1 Dash Orange Bitters. (Angostura Orange Bitters)
1/3 French Vermouth. (3/4 oz Dolin Dry Vermouth)
2/3 Dry Gin. (1 1/2 oz North Shore No. 11)
Shake (I stirred) well and strain into cock-tail glass. Twist orange peel on top.
Having recently been to a number of cocktail seminars presented by Bols and The Bitter Truth, I can tell you that this is the earliest known recipe known for a Dry Gin, Orange Bitters, and French Vermouth Cocktail. In other words, perhaps the real precursor to the modern Dry Martini!

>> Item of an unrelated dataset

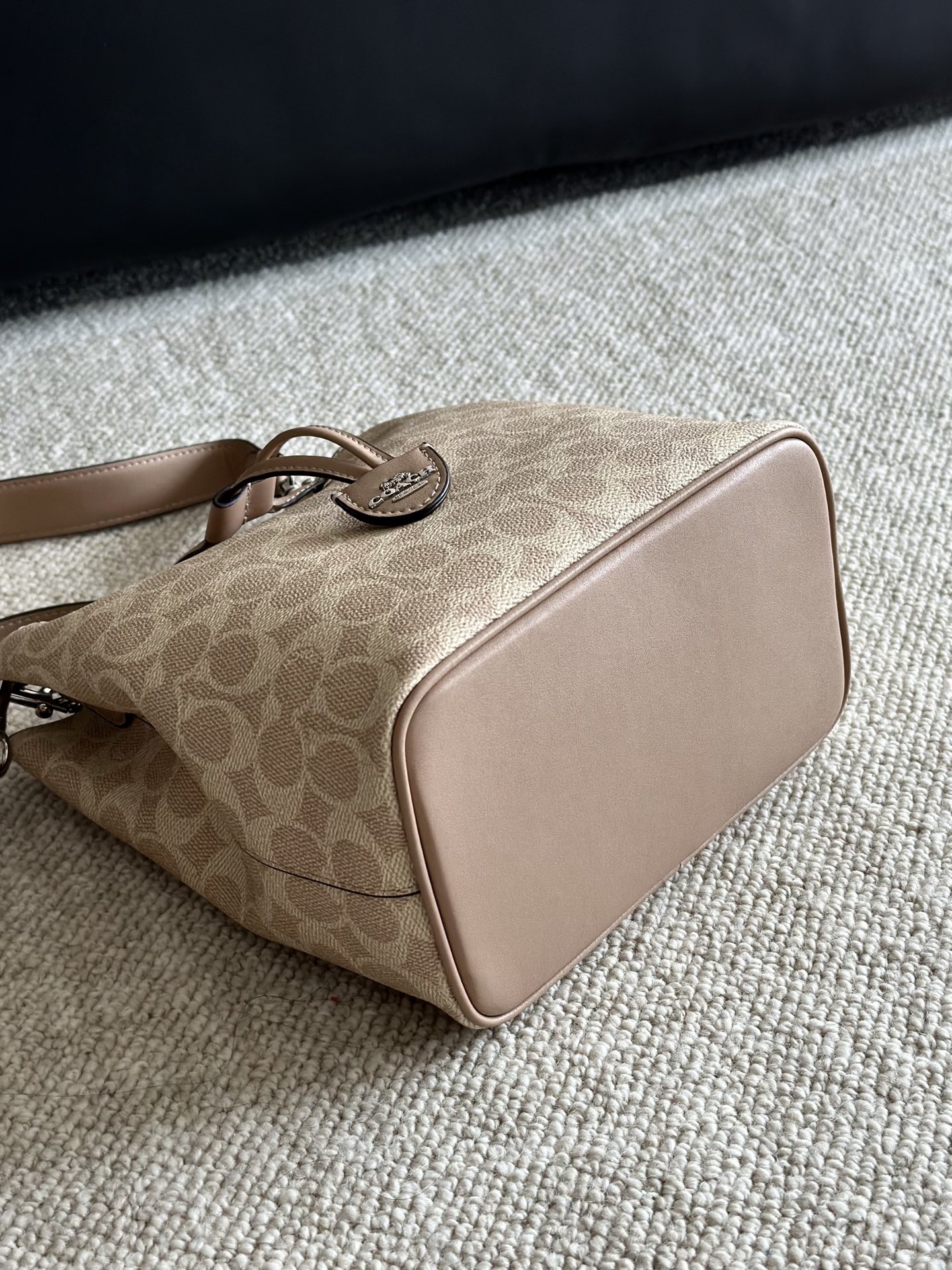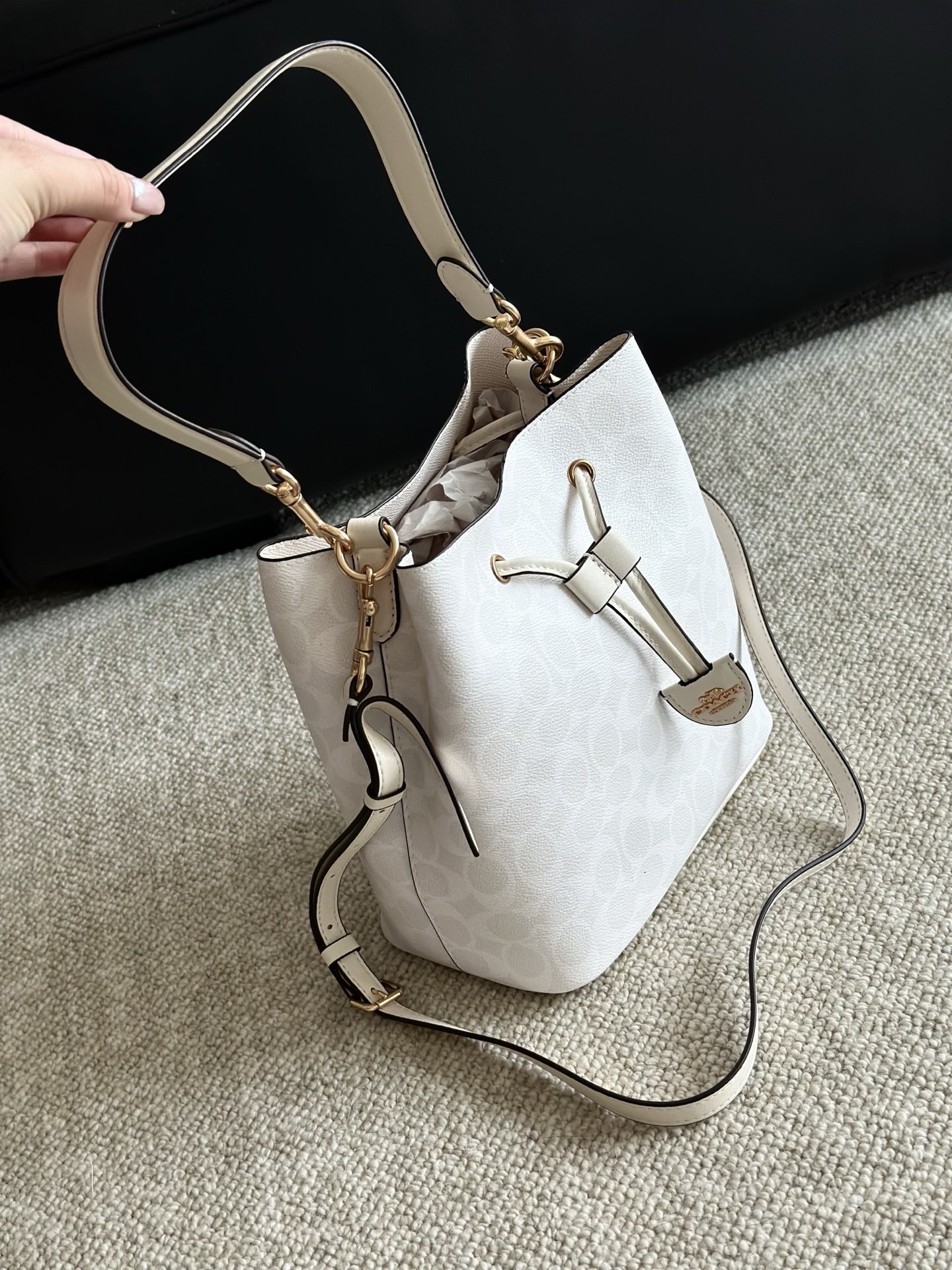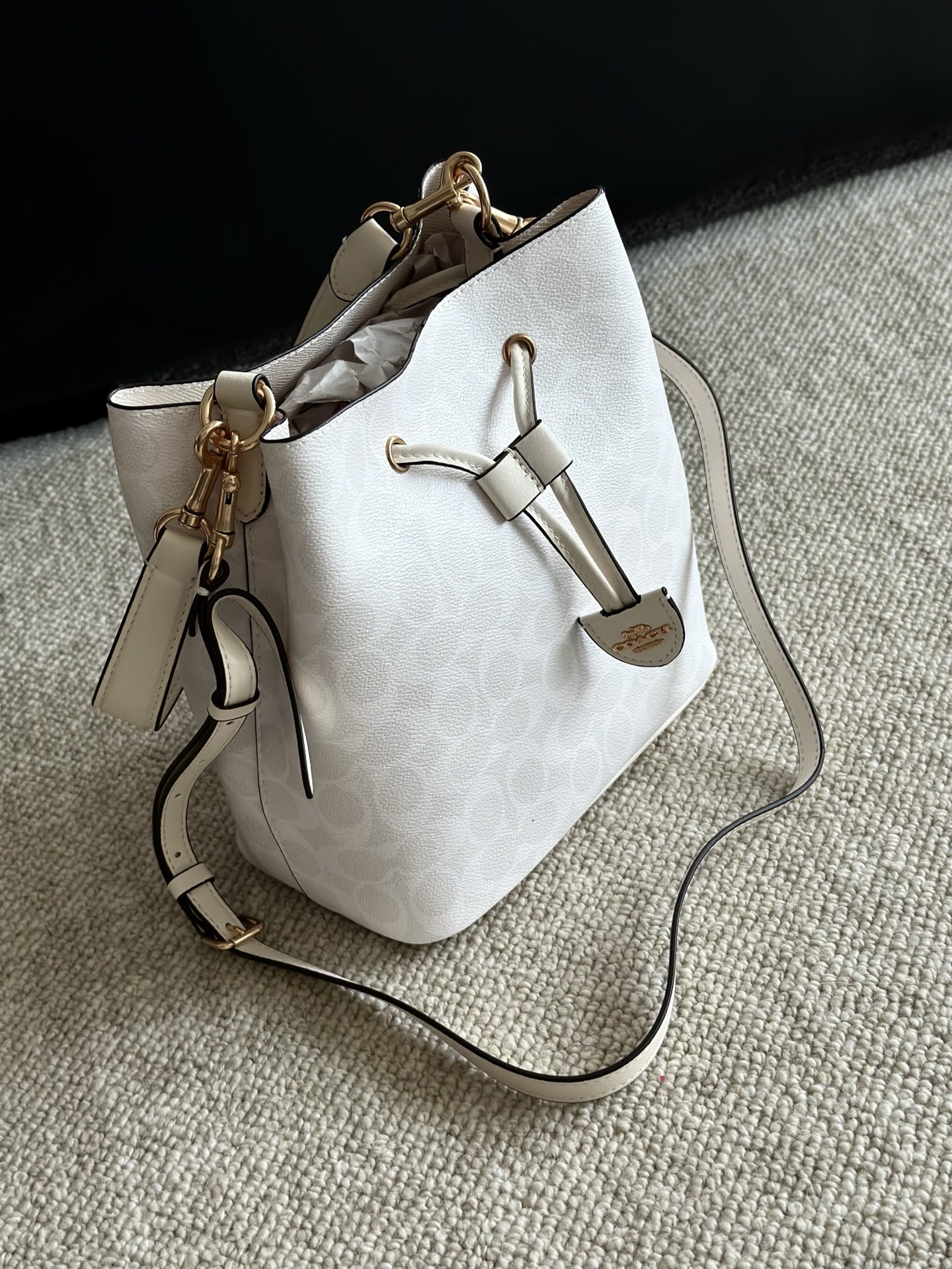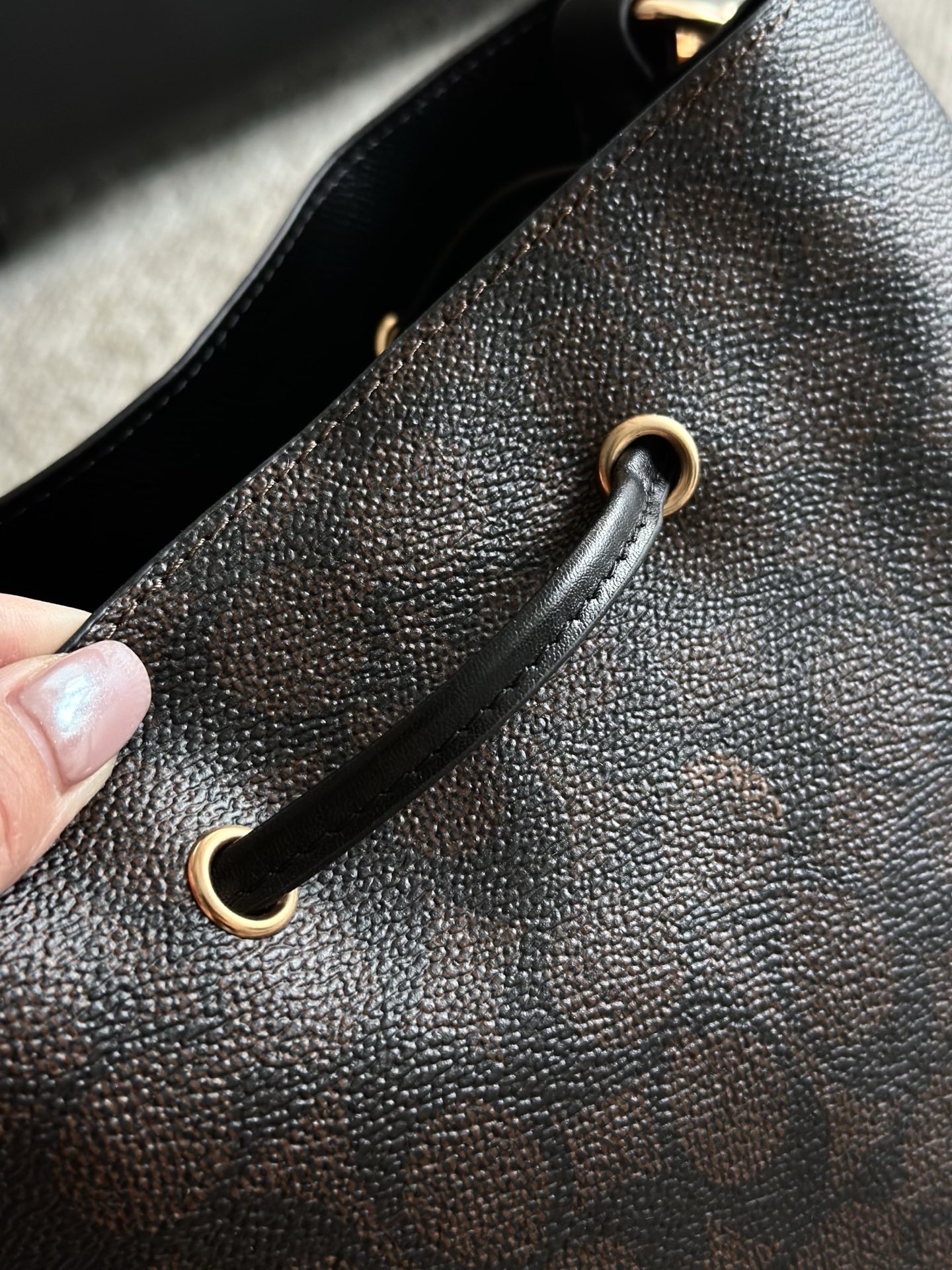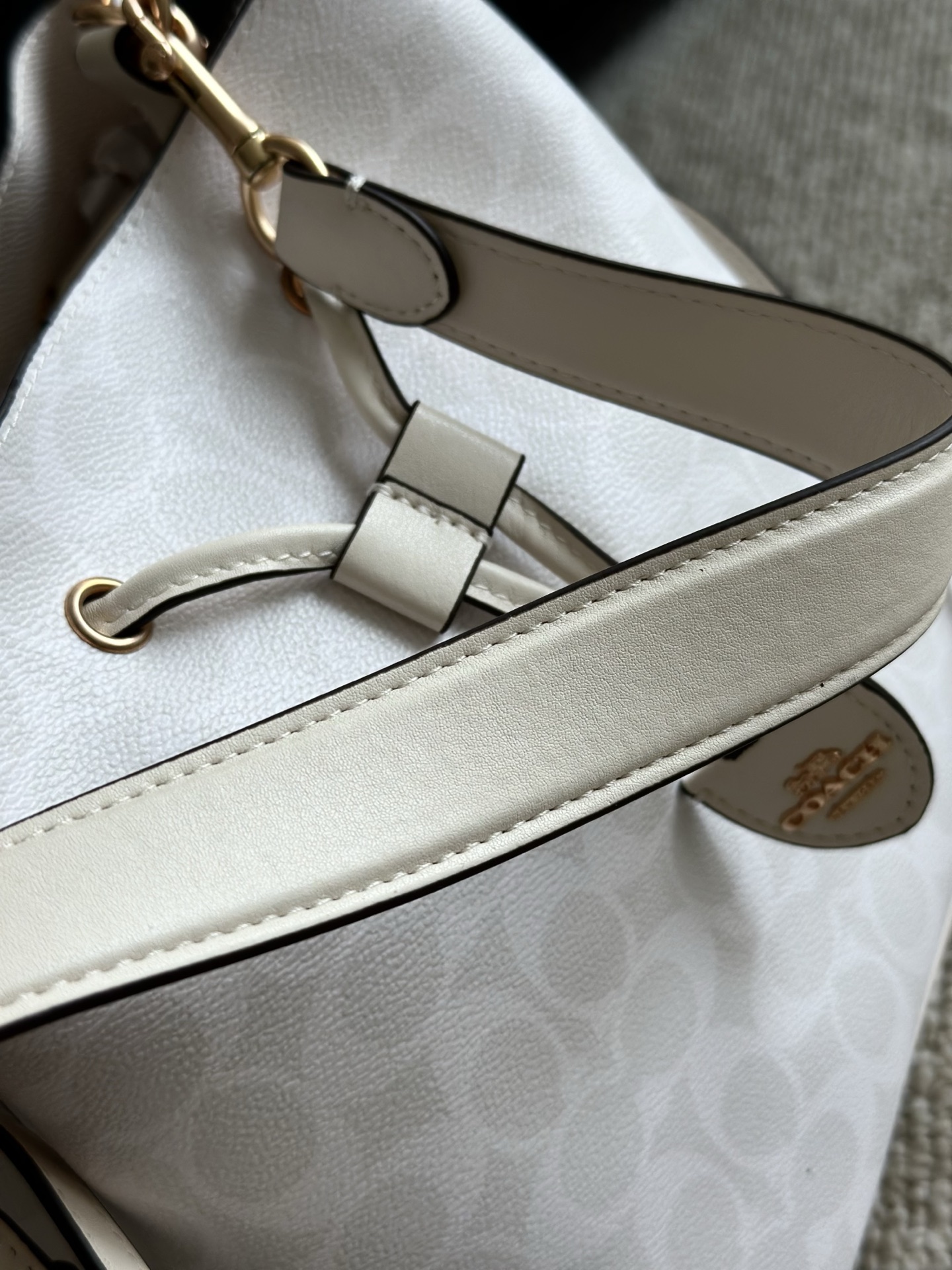6月新品!蔻驰 CBH07 经典老花Rowan抽绳水桶包 子母包搭配可拆卸长短带,可手提腋下单肩斜挎多功能用法,可拆卸拉链手包、中央开放式隔层,抽绳设计开口 ,今天的价格买到就是赚到,摸着都是一种享受!!这种细节一看就知道大厂工艺!coa在我这就是口碑!买过的都知道品质!这款包真的是集时尚与实用于一身,老花复古又百搭,而且款式设计很别致,包身采用柔软的皮质材料,触感舒适且耐用,容量也很可观,非常适合日常出行使用! 尺寸约:长21cm x 高21cm x 宽14cm

Stephan Berg has tracked this recipe’s first know publication down to an 1896 book called, “Stuart’s Fancy Drinks and how to mix them”.
The original recipe from that book, courtesy of Stephan Berg:
1 dash orange bitters.
2/3 Plymouth Gin.
1/3 French Vermouth.
North Shore makes 2 gins. The No. 11 is supposedly their more traditional Juniper forward dry gin. It is quite tasty, but it seems a bit floral still to be called a truly traditional Dry Gin.
Still, it makes a very nice Martini, errr…, Marguerite.
PS. I just love these valencia oranges from the Farmers’ Market. They literally drip oil when you pull the twist. Just awesome. Tasty too!
This post is one in a series documenting my ongoing effort to make all of the cocktails in the Savoy Cocktail Book, starting at the first, Abbey, and ending at the last, Zed.